Count the number of nouns/verbs in the given sentence
If the instruction is to count the number of nouns then return the number of nouns in the sentence
If the instruction is to count the number of verbs then return the number of verbs in the sentence
Ignore the instruction part while counting for frequency
Parameters:
sentence (str): An English Sentence
pos_tag (str): the target POS category, either nouns or verbs
Returns:
int: Count of nouns or verbs
"""
return count_of_pos_tags(sentence, pos_tag)
# program
{
"method": "count_noun_verbs",
"arguments": {"sentence": "str", "pos_tag": "str"},
"return": "int",
"execute": "count_noun_verbs(sentence, pos_tag)",
}
# preprocessor
def preprocess(input: str):
sentence = input.split("Sentence: '")[1].split("'. Count")[0]
pos_tag = input.split("Count the number of ")[1].split(" in this sentence.")[0]
return sentence, pos_tag
- The pseudocode should look mostly like python.
- The functions should be strongly typed. If the function doesn't return anything, type =
None
. If the return type can be anything depending on what happens inside, type =Any
. Please be careful with lowercase/uppercase. - Try to keep a blank line between functions.
- Avoid declaring global variables whenever possible and pass them as arguments to a method.

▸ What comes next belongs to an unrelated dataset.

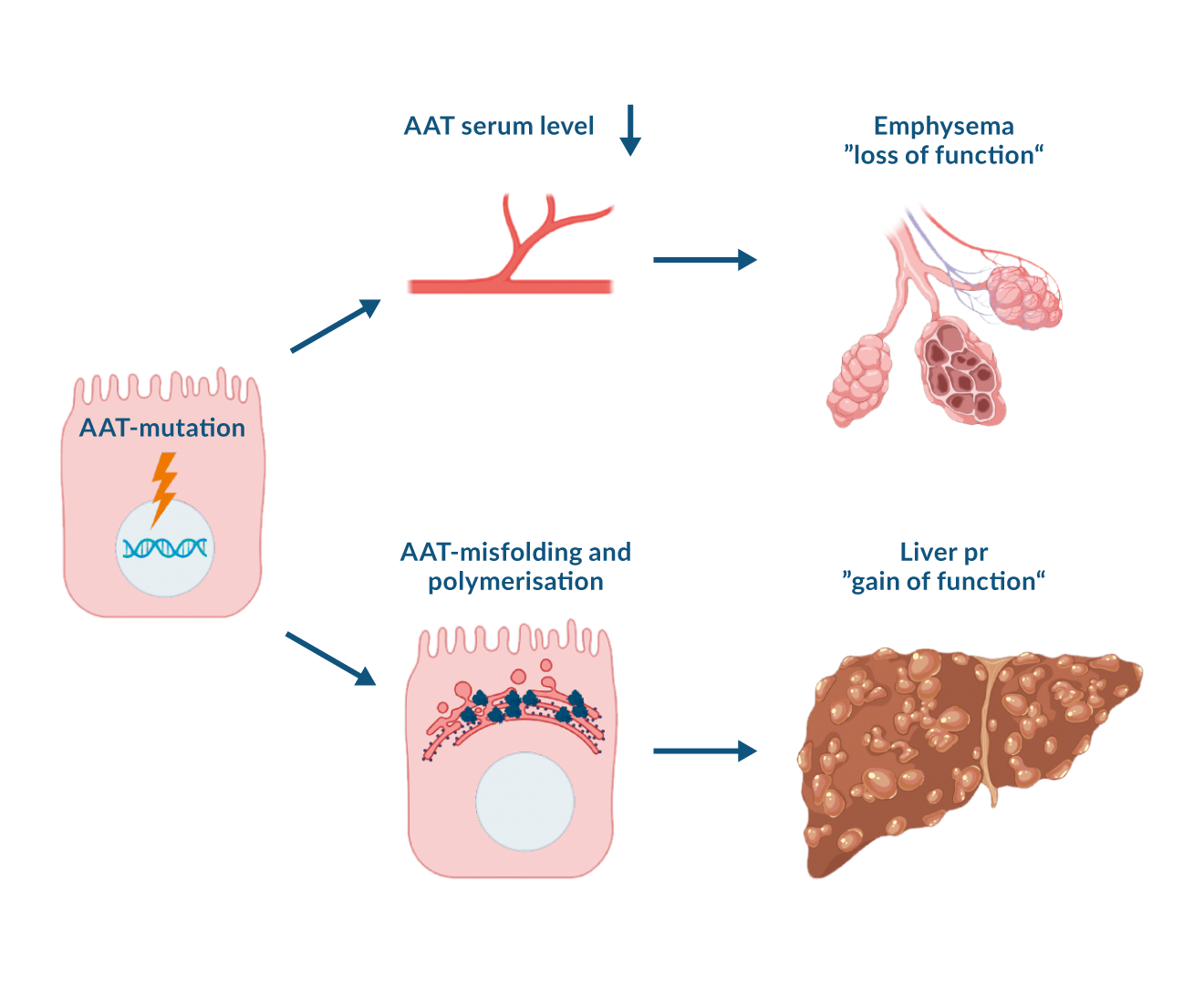 - AATD predisposes to liver diseases caused by a proteotoxic “gain-of-function” and lung emphysema/chronic obstructive pulmonary disease caused by a “loss-of-function”.

- Avoid using classes, enums etc if possible. Keep the instructions as functions as much as possible. For some tasks, this might not be possible and in such cases you can uses classes/enums sparingly.
- Create a python file for the task with task number as the file-name
- Please specify the comment
program
on how to execute the method. This template will be used to create 0-shot or potentially few-shot examples. There should be a singular point of entry (function) for the pseudo-code program. - Note, not all functions require definition. If the task is
non-atomic
, you can assume availability of basic functions and don't need to define stuff likeconcat_str
,search
etc and can simply call these funcations. - All function names should be descriptive. For example, in the following we prefer the first function name as opposed to the second. But keep in mind that the functions name are not too long.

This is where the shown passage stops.